[[ Source material, beginning ]]
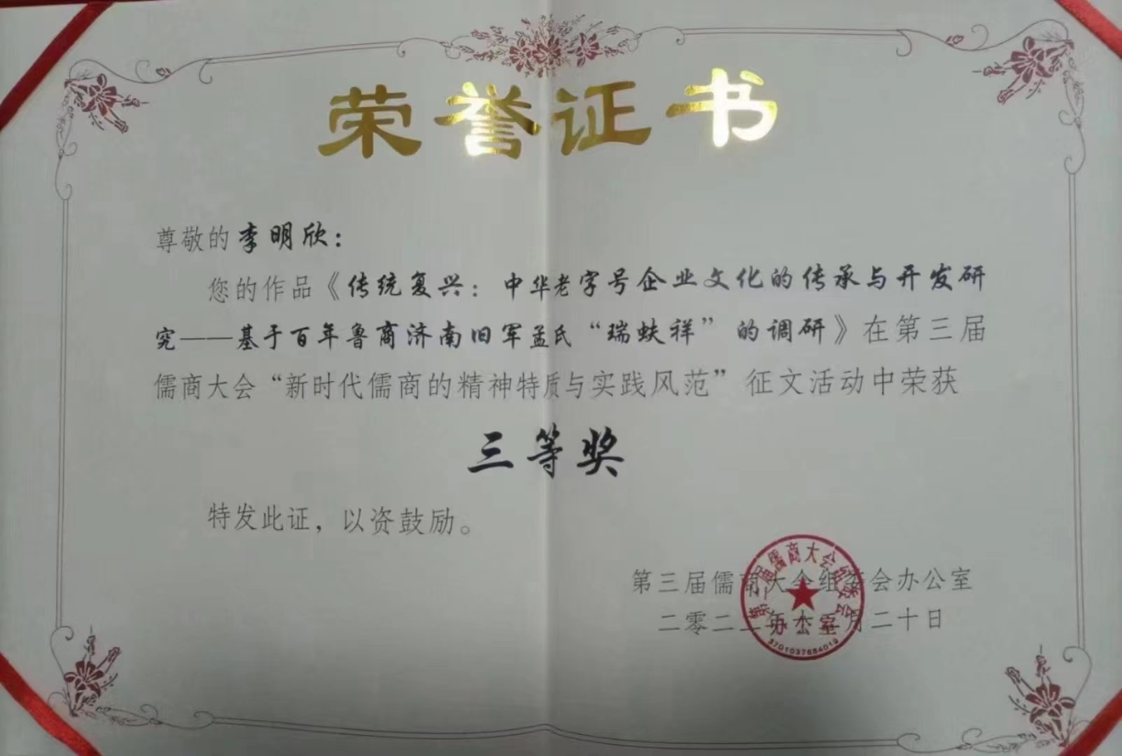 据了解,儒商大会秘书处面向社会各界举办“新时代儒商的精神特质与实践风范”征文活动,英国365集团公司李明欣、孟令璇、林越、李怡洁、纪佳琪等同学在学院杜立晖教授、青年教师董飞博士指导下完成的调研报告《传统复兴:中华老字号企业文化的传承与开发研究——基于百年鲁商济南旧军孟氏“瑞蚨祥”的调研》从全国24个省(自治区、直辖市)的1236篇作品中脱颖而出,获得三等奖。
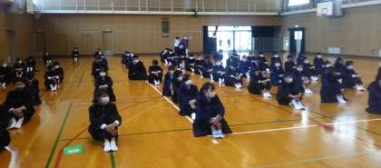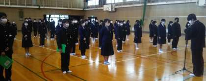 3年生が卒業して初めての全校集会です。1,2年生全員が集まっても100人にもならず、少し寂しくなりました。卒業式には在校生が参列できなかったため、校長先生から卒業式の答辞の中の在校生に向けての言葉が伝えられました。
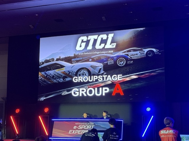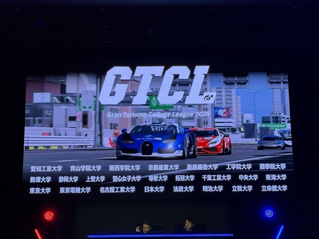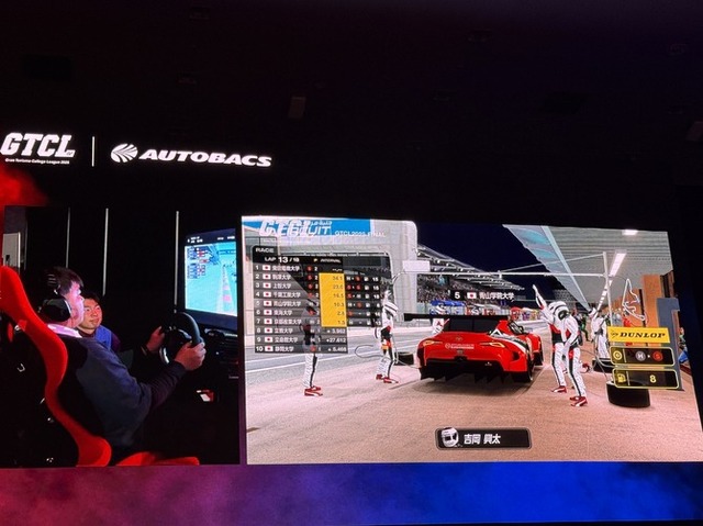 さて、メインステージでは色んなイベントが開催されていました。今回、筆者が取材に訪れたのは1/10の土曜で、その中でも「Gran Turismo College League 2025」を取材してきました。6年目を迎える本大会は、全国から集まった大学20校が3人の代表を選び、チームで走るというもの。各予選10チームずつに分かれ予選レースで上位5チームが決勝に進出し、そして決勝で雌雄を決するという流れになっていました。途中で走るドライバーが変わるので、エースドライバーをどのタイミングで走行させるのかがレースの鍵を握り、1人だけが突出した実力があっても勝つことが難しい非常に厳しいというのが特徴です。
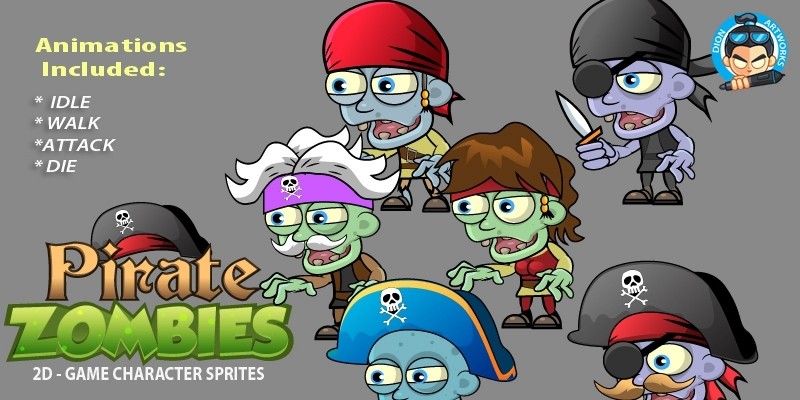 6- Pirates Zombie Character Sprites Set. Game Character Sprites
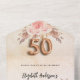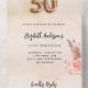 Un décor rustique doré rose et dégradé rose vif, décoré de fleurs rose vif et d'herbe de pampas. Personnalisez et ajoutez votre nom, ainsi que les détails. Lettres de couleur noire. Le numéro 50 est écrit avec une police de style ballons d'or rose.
[[ Source material, end ]]
_Work order_
Each line from the one containing "3年生が卒業して初めての全校" through the last line of the entries above is to be extracted exactly. Pictures are not part of the copy.

_Result of this task_
 3年生が卒業して初めての全校集会です。1,2年生全員が集まっても100人にもならず、少し寂しくなりました。卒業式には在校生が参列できなかったため、校長先生から卒業式の答辞の中の在校生に向けての言葉が伝えられました。
 さて、メインステージでは色んなイベントが開催されていました。今回、筆者が取材に訪れたのは1/10の土曜で、その中でも「Gran Turismo College League 2025」を取材してきました。6年目を迎える本大会は、全国から集まった大学20校が3人の代表を選び、チームで走るというもの。各予選10チームずつに分かれ予選レースで上位5チームが決勝に進出し、そして決勝で雌雄を決するという流れになっていました。途中で走るドライバーが変わるので、エースドライバーをどのタイミングで走行させるのかがレースの鍵を握り、1人だけが突出した実力があっても勝つことが難しい非常に厳しいというのが特徴です。
 6- Pirates Zombie Character Sprites Set. Game Character Sprites
 Un décor rustique doré rose et dégradé rose vif, décoré de fleurs rose vif et d'herbe de pampas. Personnalisez et ajoutez votre nom, ainsi que les détails. Lettres de couleur noire. Le numéro 50 est écrit avec une police de style ballons d'or rose.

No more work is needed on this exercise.